Lester has paid bills for people in trouble and often visited injured colleagues in hospital, and every time, if a journalist has got to hear of it, such an act has been greeted with vast surprise, whereas the truth is that Lester isn't and never has been the chunk of flint he's repeatedly been reported to be.
Certainly, mindful of his mother's teaching, he's not a soft touch, but where he likes, and where he loves, he is constantly generous. He built a comfortable one-storey house for Keith and Iris about two hundred yards from his own in Newmarket, and when he's at home sees them at least once daily, taking good care of them in their eighties.
He and Susan provide their elder daughter Maureen with horses for eventing, and he overtly delights in her company. To Tracy, their younger, he gives with an open hand and can't suppress a smile when he looks at her. One of the things that most exasperates his daughters is hearing their father called mean.
I understand when people complain that Lester is inconsistent in his behaviour towards them, because he is; but it should be borne in mind that a) if he doesn't answer, he hasn't heard the question; b) if the answer is a grunt, he is concentrating on something else and doesn't want to be distracted; and c) he never talks for the sake of talking. Silence is natural to him, not a sign of boredom.
He occasionally gets depressed. ("Everyone gets depressed, don't they?") His depressions have nothing to do with actual events, nothing to do with reverses, disappointments or injury. Low periods come for no identifiable reason, but usually when he has too little to do. They may last for two or three days, during which he may be quieter than ever.
At scattered times he may relax, be great company, expansive, full of jokes. There's no point in wondering if it's the silent or the talkative fellow that's the true Lester.
They both are. His outer mood may swing from one to the other, but it doesn't follow that his inner feelings change at all. He doesn't see why anyone should be disconcerted, and it doesn't bother him if they are.
When he's grown tired of anything he's doing, he still tends to walk away from it, just as he did from the children his mother asked to tea. When he's interested, his energy and stamina are endless. When he wants something, he is tenacious in pursuit.

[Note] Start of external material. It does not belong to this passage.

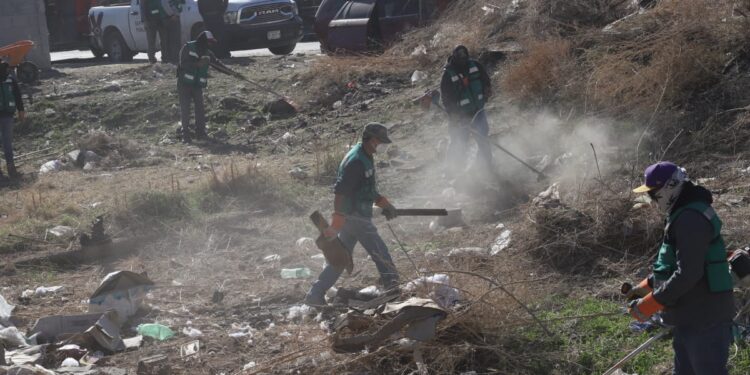 Ciudad Juárez.— Este viernes 16 de enero de 2026, personal de la Dirección de Limpia regresó al fraccionamiento Valle de Olivos para continuar con trabajos de limpieza y reordenamiento urbano, como parte del seguimiento a los compromisos establecidos con los vecinos de la zona.

He is not self-analytical. He turns his perceptions outward, and is acutely, unselfconsciously observant. He still sees what goes on around him with the sharp uncluttered objective freshness of childhood, and he doesn't interpret or bend what he sees to match some preconceived theory.
He is obliging and easy-going most of the time (which some pressmen will find amazing), and the things which irritate him are what irritate most people, like having to wait about.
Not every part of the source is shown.